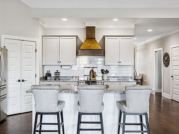 Step inside to find an inviting open floor plan filled with natural light. The main level features plantation shutters, built-in lockers and drop zone, and a gorgeous kitchen complete with farmhouse sink, oversized island, custom wood range hood, and abundant cabinetry. Every chef will love preparing meals in this thoughtfully designed space. The Great Room, open to the kitchen and breakfast area, creates the perfect gathering spot for family and friends.
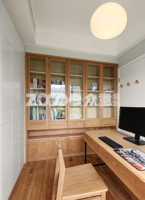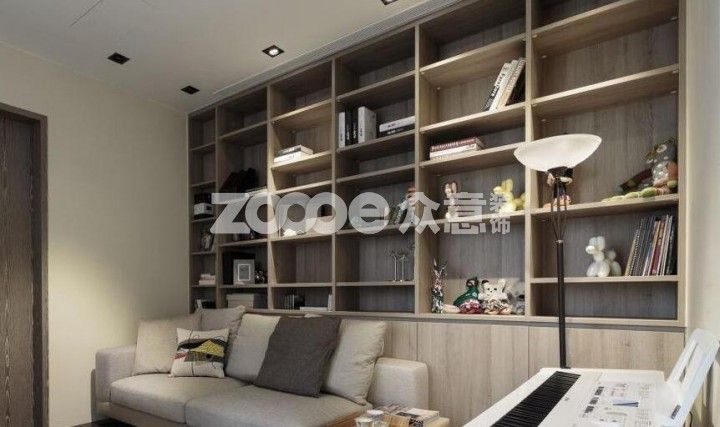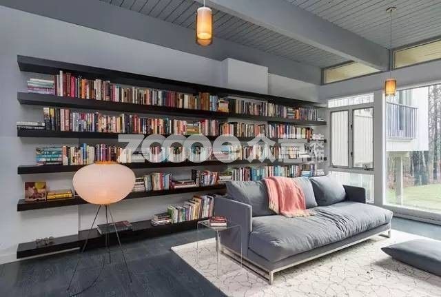 客廳空間夠大,整面墻全部用作書柜也是可以的,節(jié)省了書房空間。
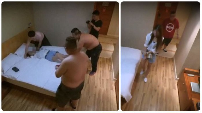 Dua di antaranya bertelanjang dada sementara yang lain memegang kamera. Xiao Chen mulai panik karena ia mengira ia akan diperkosa dan direkam.
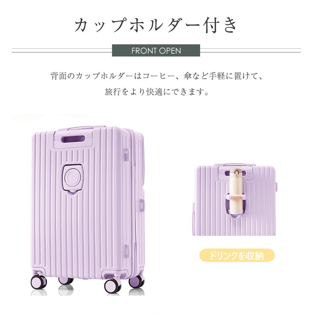 スーツケース Mサイズ フロントオープン USBポート付き ストッパー付き ドリンクホルダー付き フック付き 前開き キャリーケース キャリーバッグ おしゃれ かわいい 軽量 大容量 7日用 中型 TSAロック 前ポケット付 ビジネス パソコン suitcase China Purple
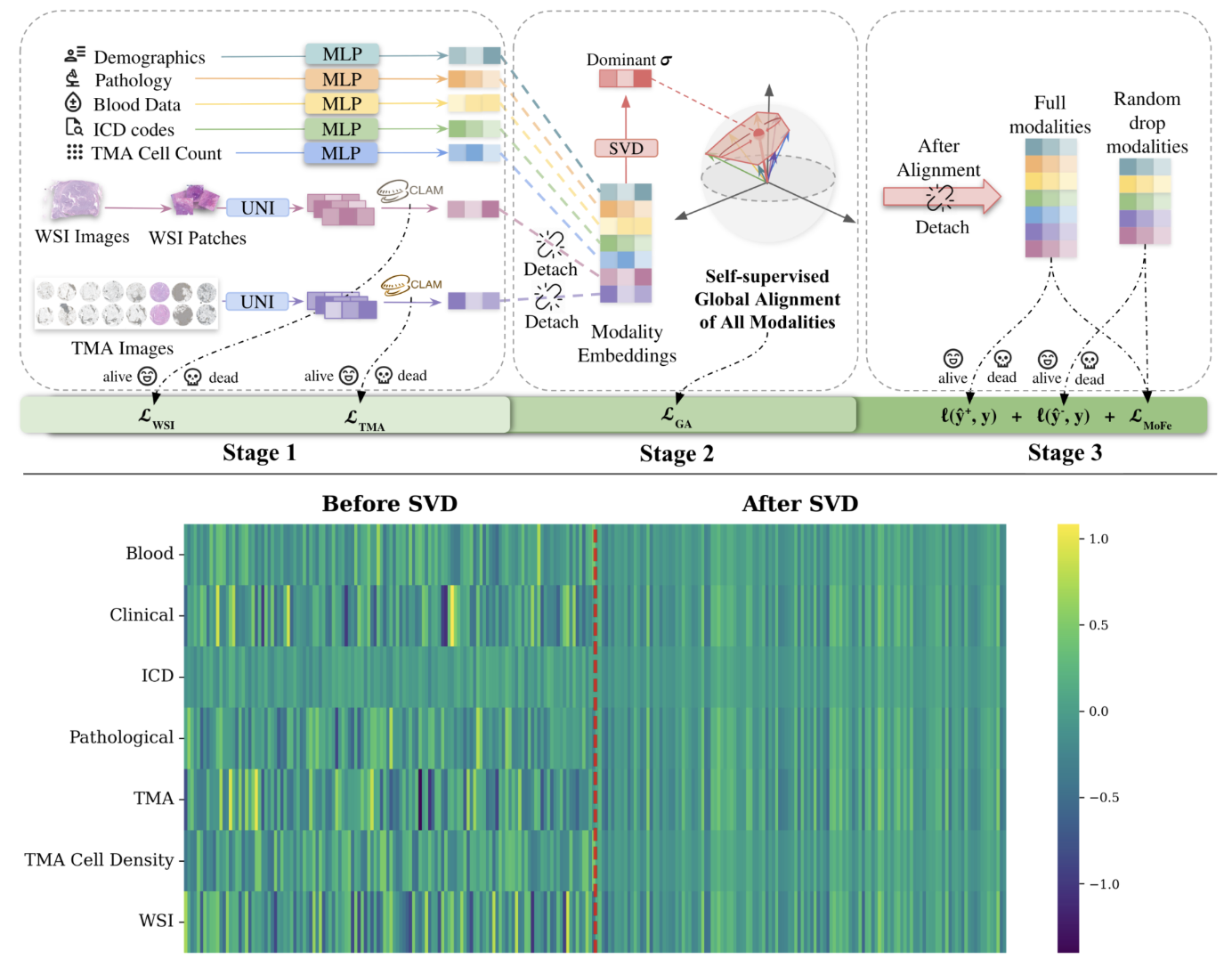 I study learning dynamics in multimodal biomedical AI systems, with a focus on survival prediction and risk modeling under heterogeneous and missing-modality settings. Using data such as histopathology images, structured clinical variables, and molecular signals, I investigate how architectural design and optimization strategies transform partially observed, noisy inputs into stable and learnable decision representations.
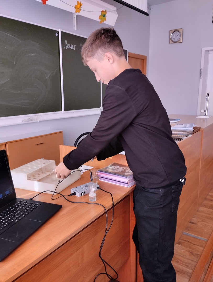 На уроке химии в 9-тых классах при изучении темы " Тепловой эффект химической реакции" обучающиеся проводили опыты с использованием оборудования цифровой лаборатории, которое поступило по проекту " Точка роста". Данные опыты наглядно показали реакции, протекающие с выделением и поглощением теплоты.

■ ■ ■ ■

**WORK REQUIRED:** Transcribe every entry above exactly. Omit all pictures.

**PROBLEM SOLUTION:**
 Step inside to find an inviting open floor plan filled with natural light. The main level features plantation shutters, built-in lockers and drop zone, and a gorgeous kitchen complete with farmhouse sink, oversized island, custom wood range hood, and abundant cabinetry. Every chef will love preparing meals in this thoughtfully designed space. The Great Room, open to the kitchen and breakfast area, creates the perfect gathering spot for family and friends.
 客廳空間夠大,整面墻全部用作書柜也是可以的,節(jié)省了書房空間。
 Dua di antaranya bertelanjang dada sementara yang lain memegang kamera. Xiao Chen mulai panik karena ia mengira ia akan diperkosa dan direkam.
 スーツケース Mサイズ フロントオープン USBポート付き ストッパー付き ドリンクホルダー付き フック付き 前開き キャリーケース キャリーバッグ おしゃれ かわいい 軽量 大容量 7日用 中型 TSAロック 前ポケット付 ビジネス パソコン suitcase China Purple
 I study learning dynamics in multimodal biomedical AI systems, with a focus on survival prediction and risk modeling under heterogeneous and missing-modality settings. Using data such as histopathology images, structured clinical variables, and molecular signals, I investigate how architectural design and optimization strategies transform partially observed, noisy inputs into stable and learnable decision representations.
 На уроке химии в 9-тых классах при изучении темы " Тепловой эффект химической реакции" обучающиеся проводили опыты с использованием оборудования цифровой лаборатории, которое поступило по проекту " Точка роста". Данные опыты наглядно показали реакции, протекающие с выделением и поглощением теплоты.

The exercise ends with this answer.